- [Work instructions]: Beneath this task are records; print exactly the stretch of them from the line with "job more easy" through the line with "另一边,小学的小可爱们在老师", both ends included.

- [Extracted records]:
----

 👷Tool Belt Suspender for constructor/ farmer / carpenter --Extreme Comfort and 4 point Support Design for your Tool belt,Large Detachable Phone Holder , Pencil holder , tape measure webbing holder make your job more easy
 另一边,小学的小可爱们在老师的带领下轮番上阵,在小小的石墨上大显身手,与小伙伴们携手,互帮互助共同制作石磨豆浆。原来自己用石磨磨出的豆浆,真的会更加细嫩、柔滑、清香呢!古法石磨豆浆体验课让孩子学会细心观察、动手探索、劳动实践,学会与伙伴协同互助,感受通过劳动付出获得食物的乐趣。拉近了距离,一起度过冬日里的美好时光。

----

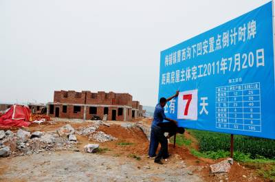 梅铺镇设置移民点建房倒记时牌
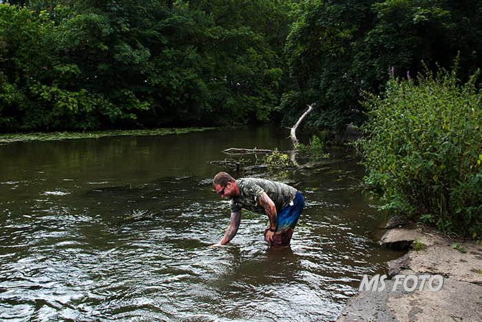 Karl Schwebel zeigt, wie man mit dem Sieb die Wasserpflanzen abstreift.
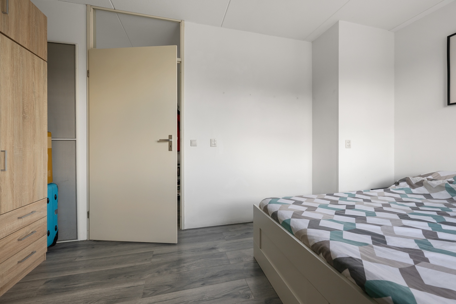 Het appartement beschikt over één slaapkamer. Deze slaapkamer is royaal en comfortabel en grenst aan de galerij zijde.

----

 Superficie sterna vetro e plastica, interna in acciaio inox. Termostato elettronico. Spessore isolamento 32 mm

----

- [Task solution]:
 👷Tool Belt Suspender for constructor/ farmer / carpenter --Extreme Comfort and 4 point Support Design for your Tool belt,Large Detachable Phone Holder , Pencil holder , tape measure webbing holder make your job more easy
 另一边,小学的小可爱们在老师的带领下轮番上阵,在小小的石墨上大显身手,与小伙伴们携手,互帮互助共同制作石磨豆浆。原来自己用石磨磨出的豆浆,真的会更加细嫩、柔滑、清香呢!古法石磨豆浆体验课让孩子学会细心观察、动手探索、劳动实践,学会与伙伴协同互助,感受通过劳动付出获得食物的乐趣。拉近了距离,一起度过冬日里的美好时光。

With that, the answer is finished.